Task to carry out :: Exactly as written, reproduce the lines from the beginning of the data through the line containing "テレキャスギターをがんばって弾くおてんばな女の子と、邪魔ばかりするいたずら子猫。"; the pictures are not reproduced.

Material supplied ::
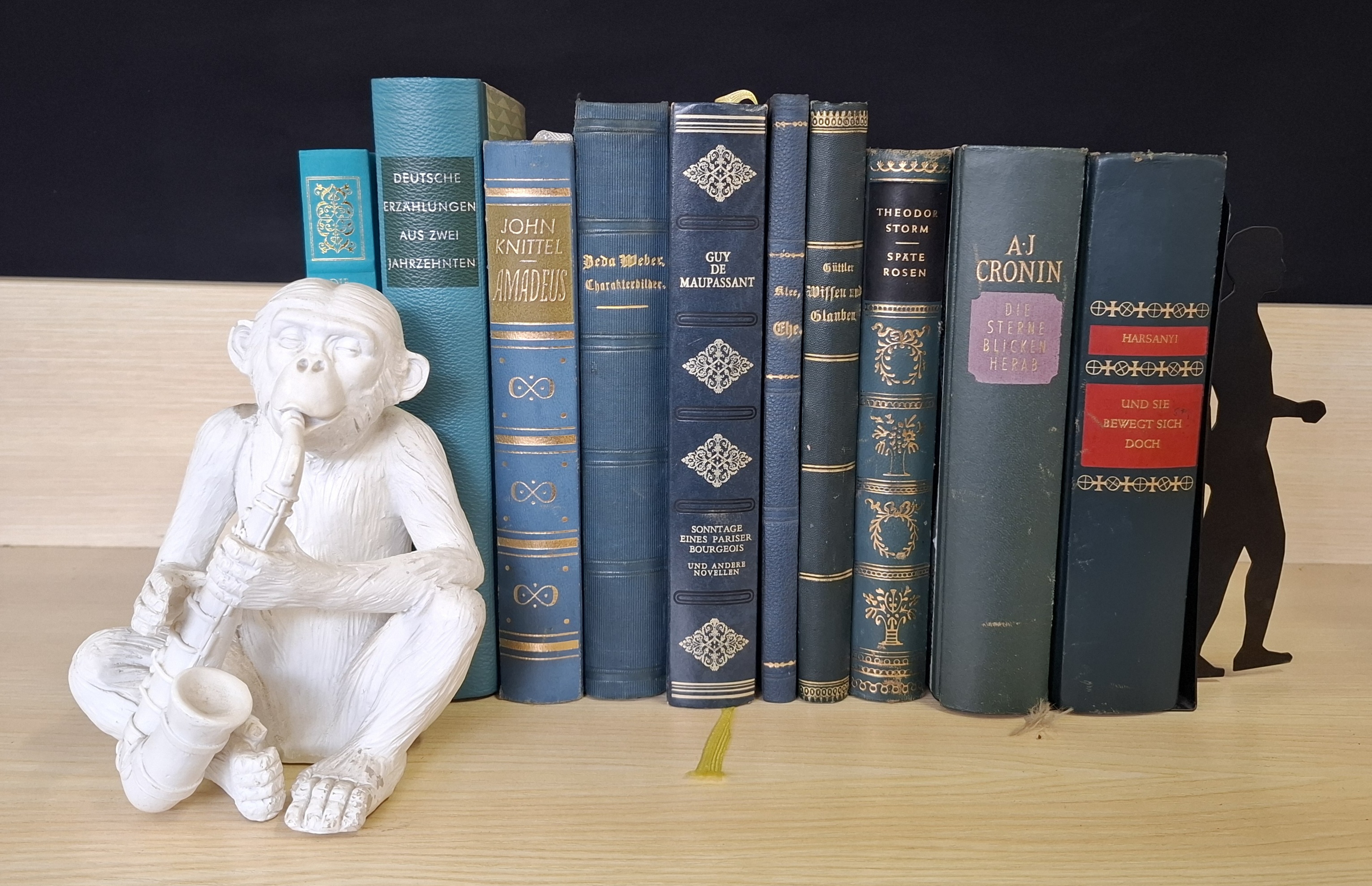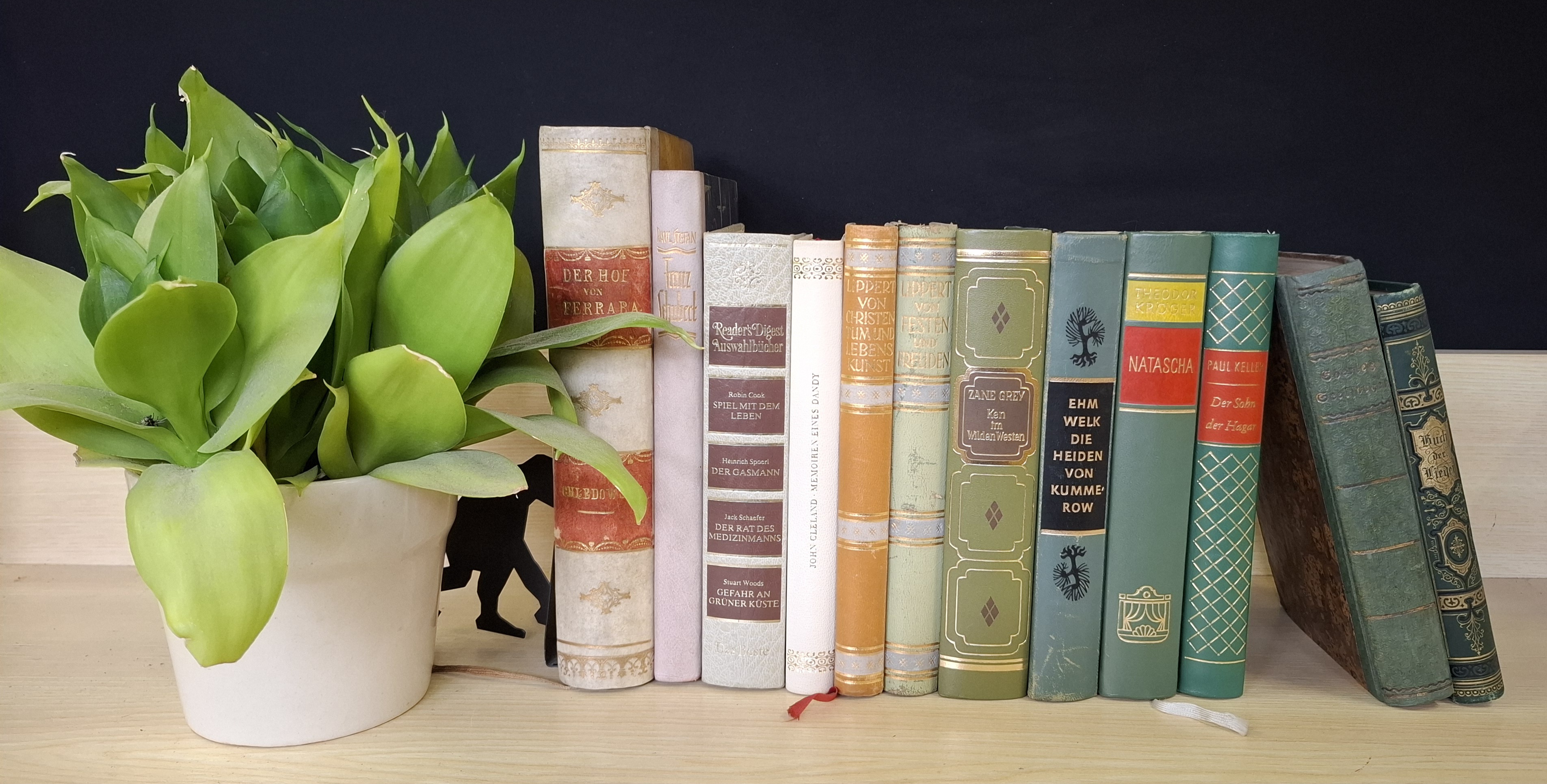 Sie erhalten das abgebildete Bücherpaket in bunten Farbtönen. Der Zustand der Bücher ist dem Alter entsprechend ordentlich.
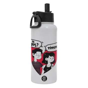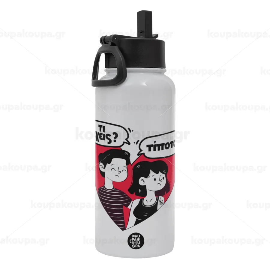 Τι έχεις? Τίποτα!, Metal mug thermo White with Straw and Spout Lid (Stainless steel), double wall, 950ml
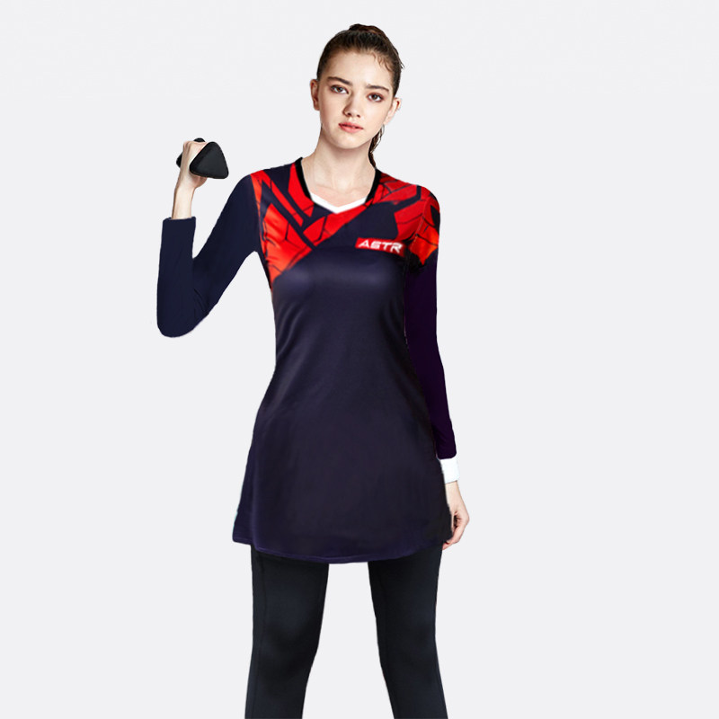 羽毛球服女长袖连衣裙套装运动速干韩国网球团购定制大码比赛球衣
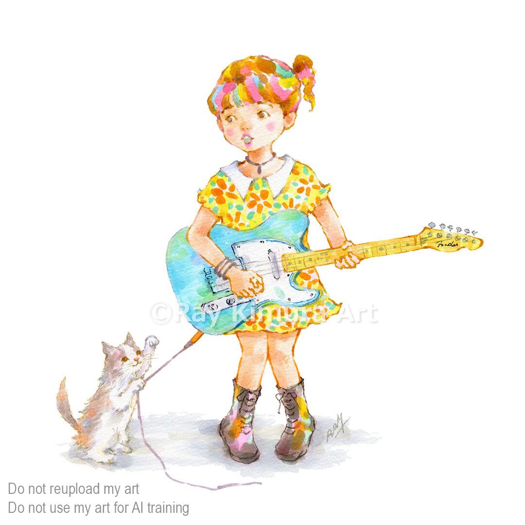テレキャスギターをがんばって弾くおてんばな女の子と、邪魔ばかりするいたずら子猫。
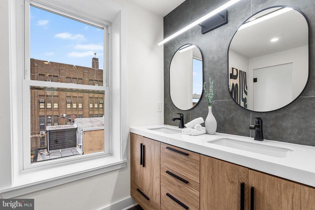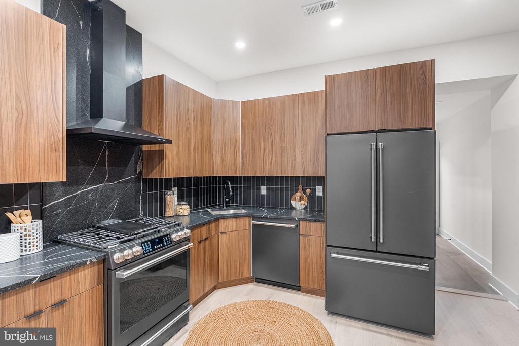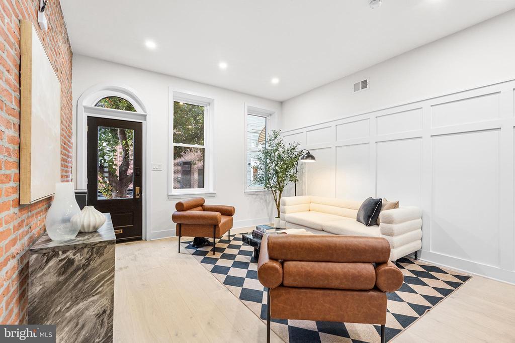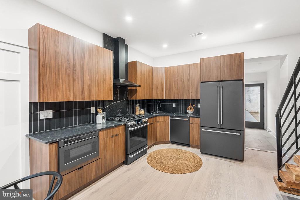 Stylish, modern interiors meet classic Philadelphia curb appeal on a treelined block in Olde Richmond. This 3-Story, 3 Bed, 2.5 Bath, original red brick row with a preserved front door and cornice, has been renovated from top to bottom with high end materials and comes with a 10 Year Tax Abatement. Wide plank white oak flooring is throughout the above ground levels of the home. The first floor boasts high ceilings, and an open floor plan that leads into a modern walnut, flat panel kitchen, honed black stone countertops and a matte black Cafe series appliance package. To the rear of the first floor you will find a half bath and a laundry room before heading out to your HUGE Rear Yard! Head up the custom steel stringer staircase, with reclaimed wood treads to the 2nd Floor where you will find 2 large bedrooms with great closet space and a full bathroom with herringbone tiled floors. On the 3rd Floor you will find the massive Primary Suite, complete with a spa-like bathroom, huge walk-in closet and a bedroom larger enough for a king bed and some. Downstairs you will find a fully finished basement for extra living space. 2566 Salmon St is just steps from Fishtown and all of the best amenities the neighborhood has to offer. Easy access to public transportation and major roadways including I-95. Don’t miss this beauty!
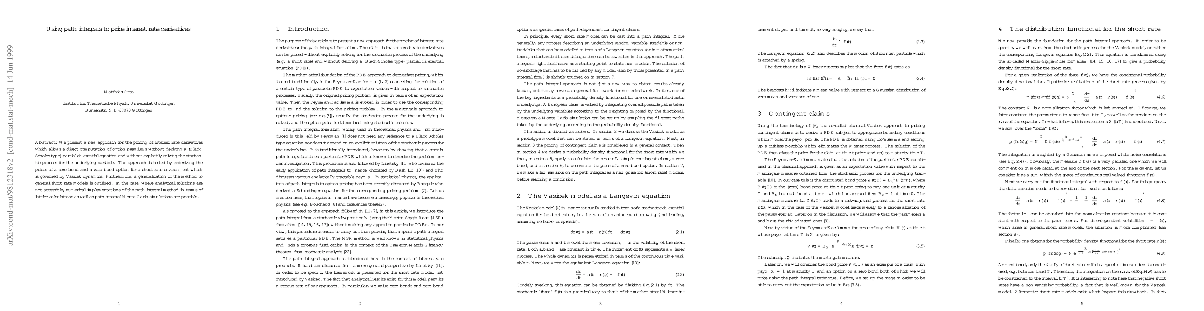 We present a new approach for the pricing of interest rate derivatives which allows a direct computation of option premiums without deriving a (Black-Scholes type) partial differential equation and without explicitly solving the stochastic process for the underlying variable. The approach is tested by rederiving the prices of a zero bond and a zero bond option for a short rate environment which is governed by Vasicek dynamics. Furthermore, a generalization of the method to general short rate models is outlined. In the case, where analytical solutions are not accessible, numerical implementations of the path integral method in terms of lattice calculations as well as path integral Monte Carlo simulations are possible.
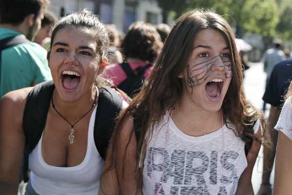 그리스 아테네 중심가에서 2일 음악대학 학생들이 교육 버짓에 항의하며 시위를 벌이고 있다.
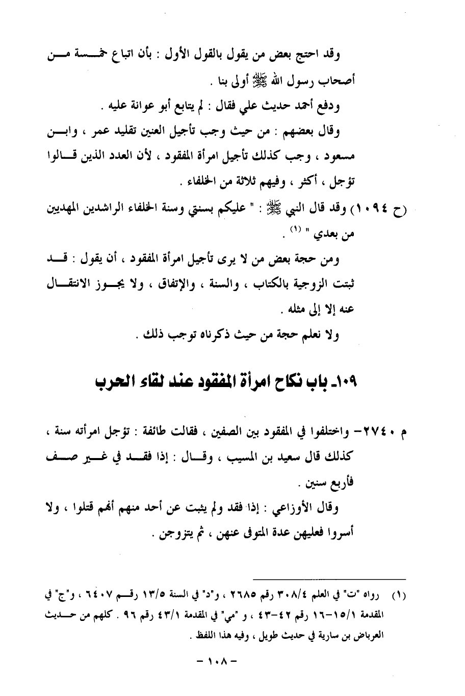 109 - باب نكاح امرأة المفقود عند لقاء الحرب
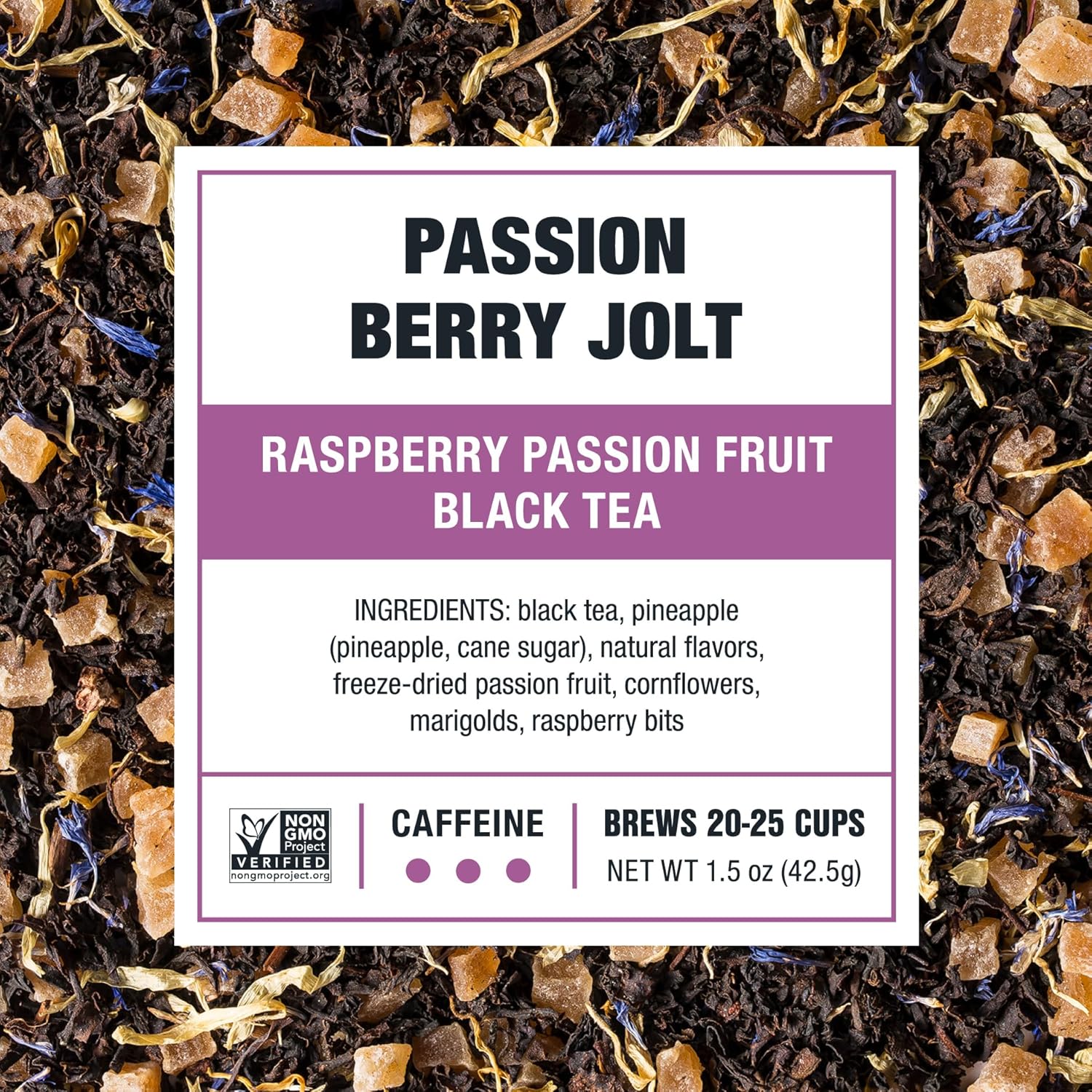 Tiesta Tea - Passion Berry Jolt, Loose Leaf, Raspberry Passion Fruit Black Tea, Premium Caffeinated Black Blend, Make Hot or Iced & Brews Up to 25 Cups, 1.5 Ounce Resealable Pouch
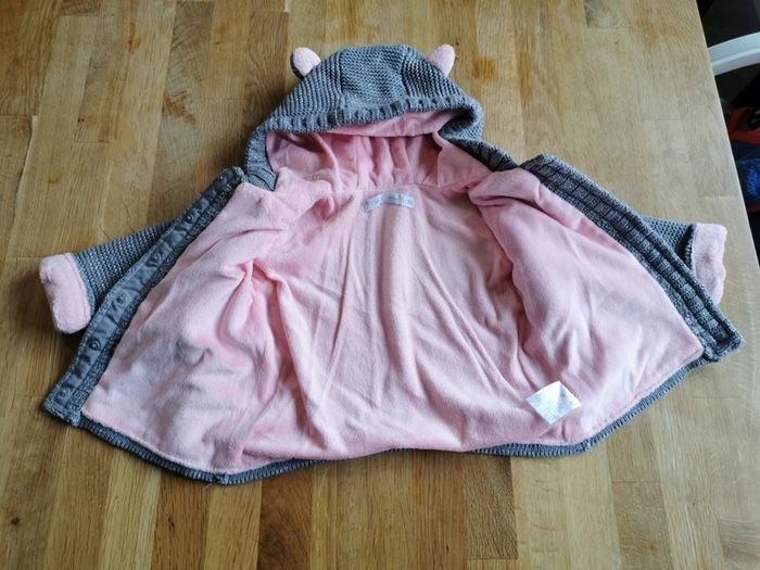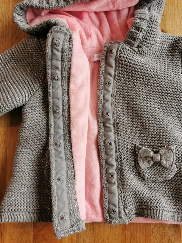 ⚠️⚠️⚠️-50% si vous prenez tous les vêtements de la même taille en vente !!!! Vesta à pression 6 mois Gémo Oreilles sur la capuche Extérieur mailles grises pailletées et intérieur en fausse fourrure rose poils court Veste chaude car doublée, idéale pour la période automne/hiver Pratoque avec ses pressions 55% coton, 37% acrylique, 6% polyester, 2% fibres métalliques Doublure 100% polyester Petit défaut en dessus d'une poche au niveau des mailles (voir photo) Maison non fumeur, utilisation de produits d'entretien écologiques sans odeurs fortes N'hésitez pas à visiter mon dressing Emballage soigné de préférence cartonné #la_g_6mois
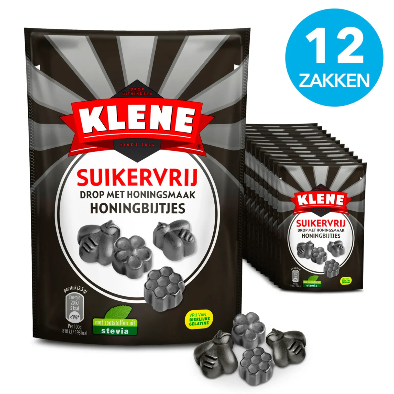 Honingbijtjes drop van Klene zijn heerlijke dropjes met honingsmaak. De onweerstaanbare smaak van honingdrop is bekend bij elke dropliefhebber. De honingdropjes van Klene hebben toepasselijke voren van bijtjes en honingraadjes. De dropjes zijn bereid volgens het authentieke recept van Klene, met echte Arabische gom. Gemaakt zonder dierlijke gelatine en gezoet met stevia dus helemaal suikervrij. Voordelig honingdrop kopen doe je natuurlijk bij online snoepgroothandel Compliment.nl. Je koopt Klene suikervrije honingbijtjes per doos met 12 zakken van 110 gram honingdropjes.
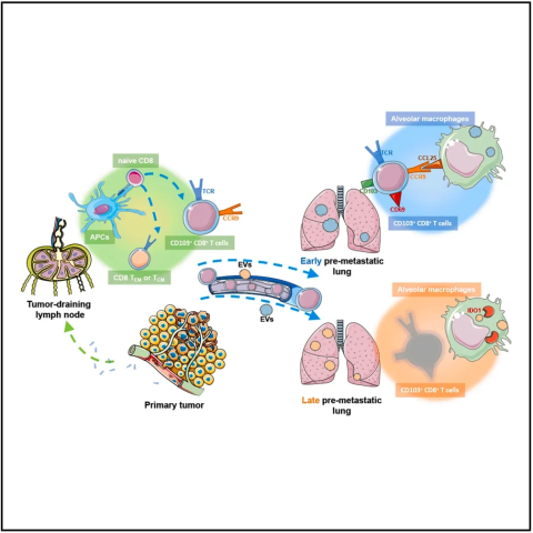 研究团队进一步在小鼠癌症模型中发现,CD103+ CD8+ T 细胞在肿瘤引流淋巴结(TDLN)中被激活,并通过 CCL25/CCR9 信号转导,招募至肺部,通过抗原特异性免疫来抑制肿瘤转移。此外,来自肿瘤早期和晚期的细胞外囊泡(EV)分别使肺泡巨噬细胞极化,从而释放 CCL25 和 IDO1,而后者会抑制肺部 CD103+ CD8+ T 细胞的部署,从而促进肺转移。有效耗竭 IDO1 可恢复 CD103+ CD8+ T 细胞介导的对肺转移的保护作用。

Response to this task ::
 Sie erhalten das abgebildete Bücherpaket in bunten Farbtönen. Der Zustand der Bücher ist dem Alter entsprechend ordentlich.
 Τι έχεις? Τίποτα!, Metal mug thermo White with Straw and Spout Lid (Stainless steel), double wall, 950ml
 羽毛球服女长袖连衣裙套装运动速干韩国网球团购定制大码比赛球衣
テレキャスギターをがんばって弾くおてんばな女の子と、邪魔ばかりするいたずら子猫。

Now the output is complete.